Inside The Heartbeat of the Year: The Epistles of the Act of Consecration
by Floris Books • 21 October 2025 • Religion, The Christian Community • 0 Comments

The epistles of the Act of Consecration are special prayers that are heard at the beginning and end of the communion service of The Christian Community. They follow the path of the Christian year and, through subtle changes in mood and tone, reflect the changing seasons and the accompanying festivals.
In The Heartbeat of the Year: The Epistles of the Act of Consecration, retired Christian Community priest Günther Dellbrügger gathers these prayers together for the first time. Dellbrügger uses a range of sources – from the Bible and poetry to examples taken from real life – to bring fresh perspectives to the epistles that help readers become more alert to the delicate changes of these prayers as they progress throughout the year. Contemplations by Rudolf Frieling, a founder of The Christian Community, provide important context to the epistles’ origins, including when and how they were first given.
Here we share an extract from the chapter on Advent, where Dellbrügger explores the positive impact Christian festivals can have on our lives.
Set Forth, Become Light
Advent is a spiritual New Year, when a new cycle of festivals begins.

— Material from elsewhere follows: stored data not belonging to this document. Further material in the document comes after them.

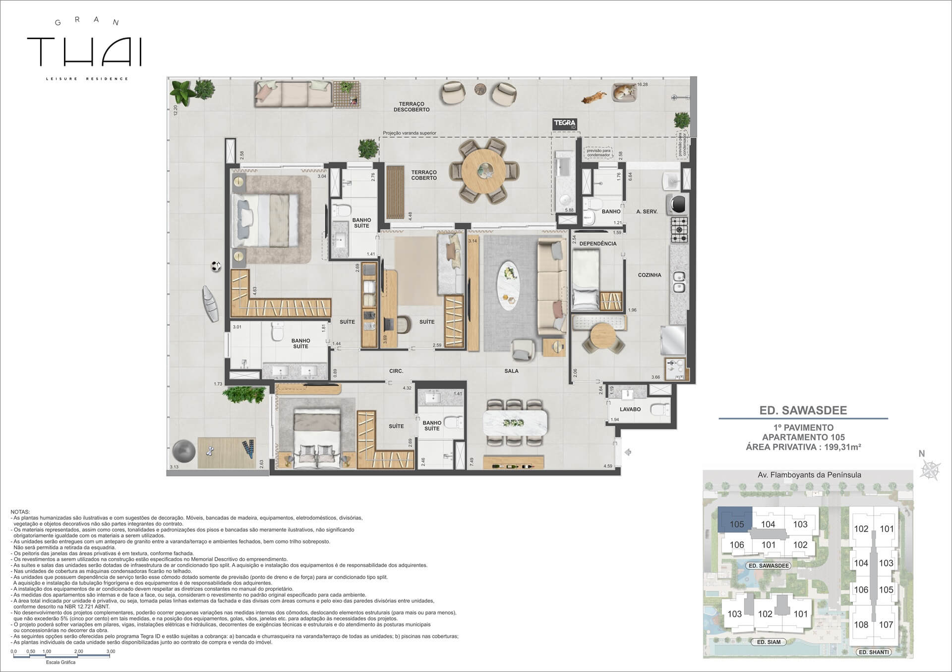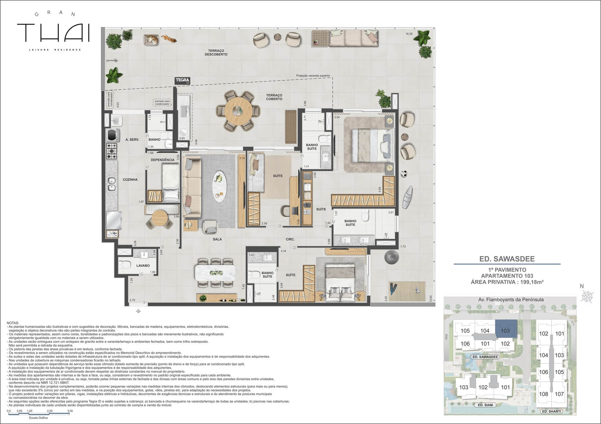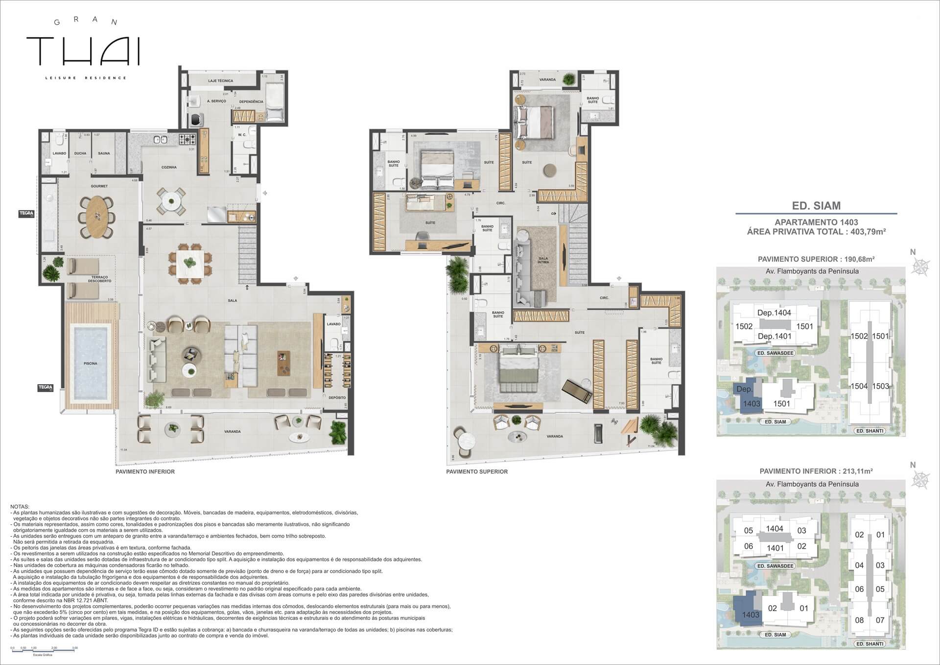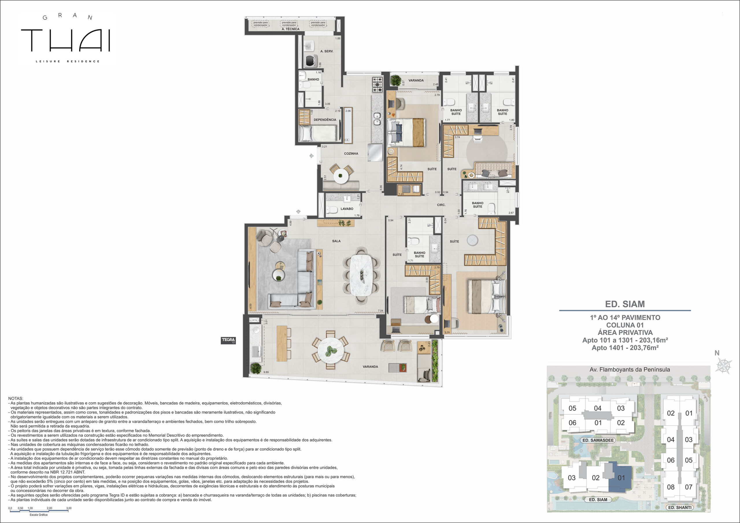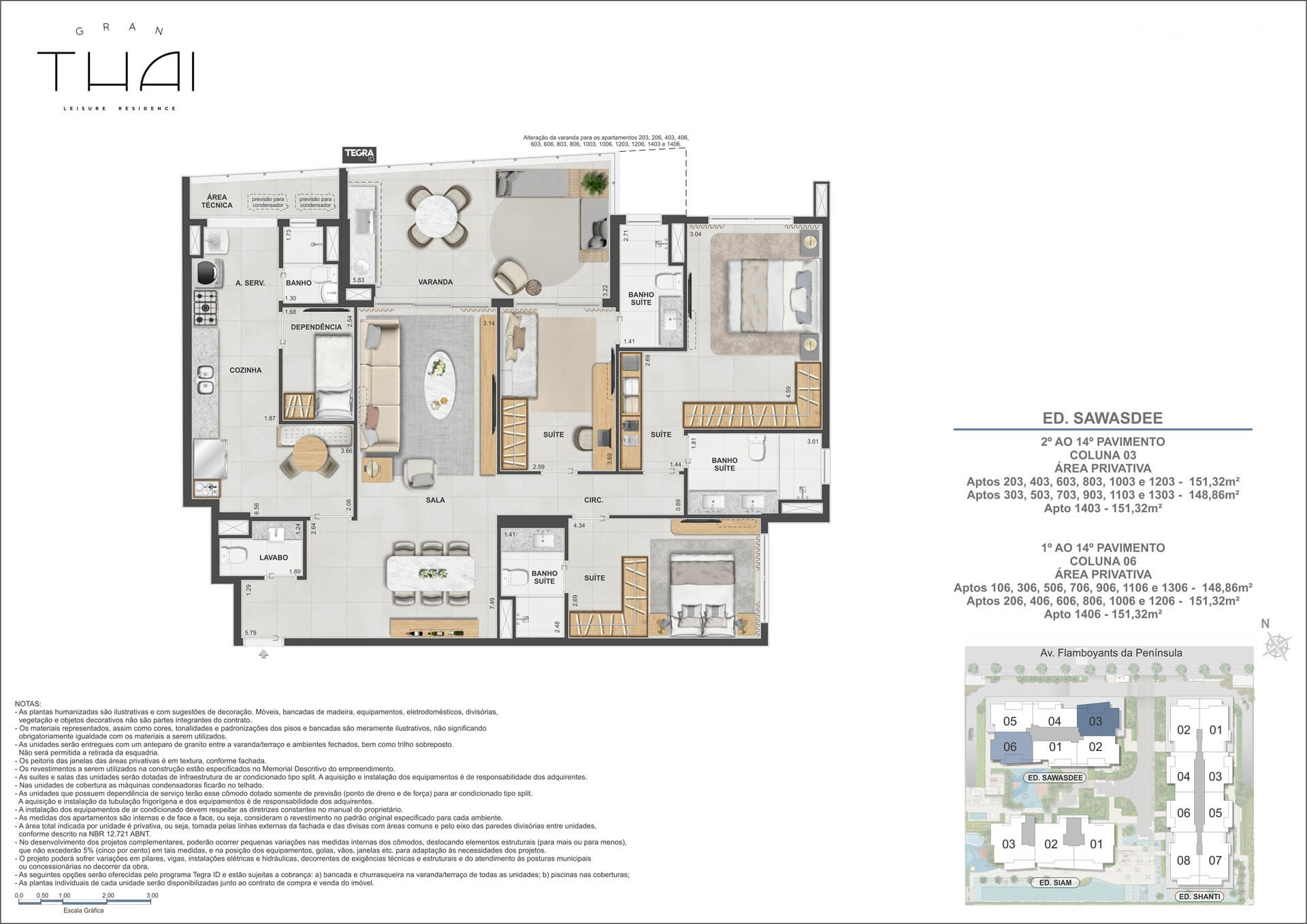 O Gran Thai Península conta com amplos apartamentos com metragens que variam de 125m² a 210m² com 3 ou 4 Quartos além de UP Gardens e coberturas de 162 a 405m²
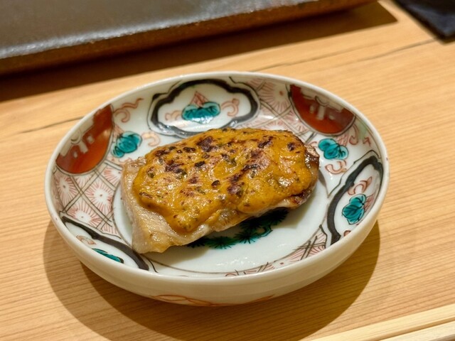 「白子の軍艦」は驚くほど立派で、昆布締めして軽く焼いているとのこと。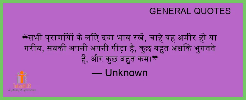 सभी प्राणियों के लिए दया भाव रखें, चाहे वह अमीर हो या गरीब, सबकी अपनी अपनी पीड़ा है, कुछ बहुत अधिक भुगतते हैं, और कुछ बहुत कम।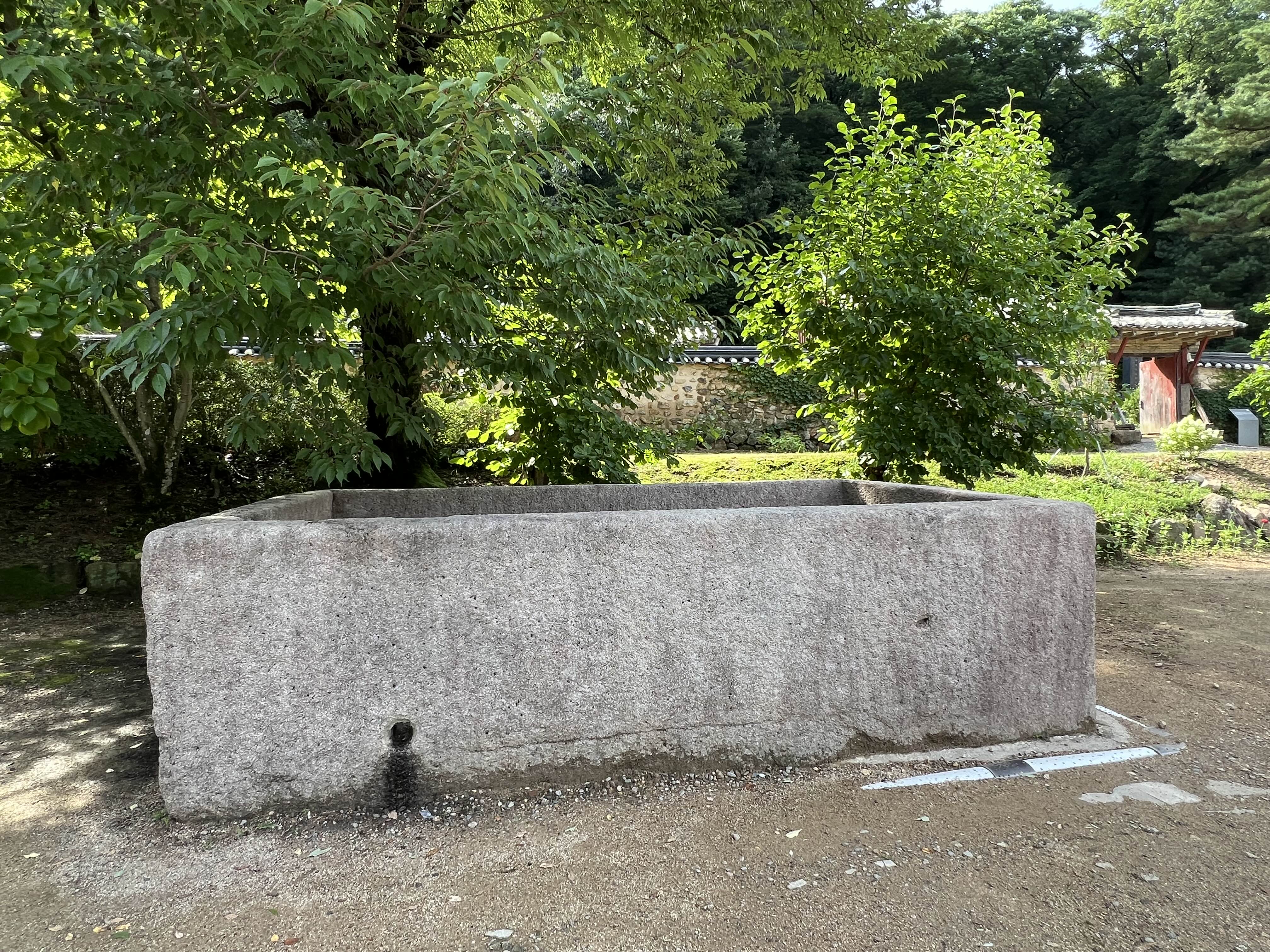 물을 담기 위해 만든 돌수조인데, 여기서 배추도 절이고 쌀도 씻고 그랬을라나

It is the time for deepening our inner Christian life. We see repetition in the festival cycle on a yearly basis, but we can picture it more as a spiral than a circle, for every festival can be seen as an octave of the previous year’s festival – spiritually refreshed, inwardly more fulfilled and outwardly more effective. In this way, Christian festivals can gradually, year by year, transform our lives.
‘Behold, I make all things new’ (Rv 21:5). That is the ideal against which we must measure ourselves. If we ask ourselves ‘Are we Christians yet?’ the honest answer is probably ‘no’, but we are on the path of becoming Christian, and the festivals act as beacons on our journey. Christ became human so that we could become Christians and thus become fully human. The cycle of Christian festivals helps to transform us into Christians. It is a great, year-long Act of Consecration: as on a growing tree, a new growth-ring of our process of becoming Christian evolves from Advent to Advent.
Every new beginning of the inner year presents us with the task of approaching Christmas and Epiphany anew; then the next group of festivals, which includes Passiontide, Easter and Ascension; and finally, the three great festivals that resound like timpani drums through the festive year: Pentecost, St John’s, and Michaelmas. The epistles of the Consecration of the Human Being allow us to experience the meaning of all these festivals in a completely new way.
The Epistle of Advent expresses and fulfils our request expressed in the words, ‘The Father God be in us.’
This petition to the divine Father that he may permeate us completely, that we may consciously experience his being within us, can be understood as a great, invisible headline for the whole Advent season, leading us into the origins of creation that emerged from the Father. It is a very special world into which we can immerse ourselves during Advent, full of poetic cadences and completely new yet mythical images:
Divine Might of Worlds,
You who gleam in the chariot of the sun
You who shine in the bow of colour
Spanning the sky
We are introduced here to the mysteries of light and rainbows. Deep amazement emanates from the epistle, and it can also create this mood within us. It can engender in us a way of experiencing the world that is childlike in the best sense of the word – as a modern myth, or as a dream.
In the northern hemisphere, we experience the sun at this time of year more directly than in the summer months. It rises later and later, and we can ‘practise’ a little Advent by waiting for it every day. In asking ourselves new questions, we can connect with the course of the sun and learn to see it more intimately. What is the sunlight like in Advent? What sensations does it awaken in us? We can then gradually realise how the light at this time is quieter, more intimate, more restrained, even delicate. The sun itself seems to be more connected to its surroundings: the centre of a sea of colour. Think of the great Advent skies, conjured up in delicate, light pastel colours! Due to the low arc of the sun, we have a long dawn and dusk, the twilight periods in which day and night briefly join hands. Painters like Philipp Otto Runge, Caspar David Friedrich or William Turner had a special sense for these moods. In their works, the mysteries of transition appear as quiet, intimate colour festivals, woven from light and darkness.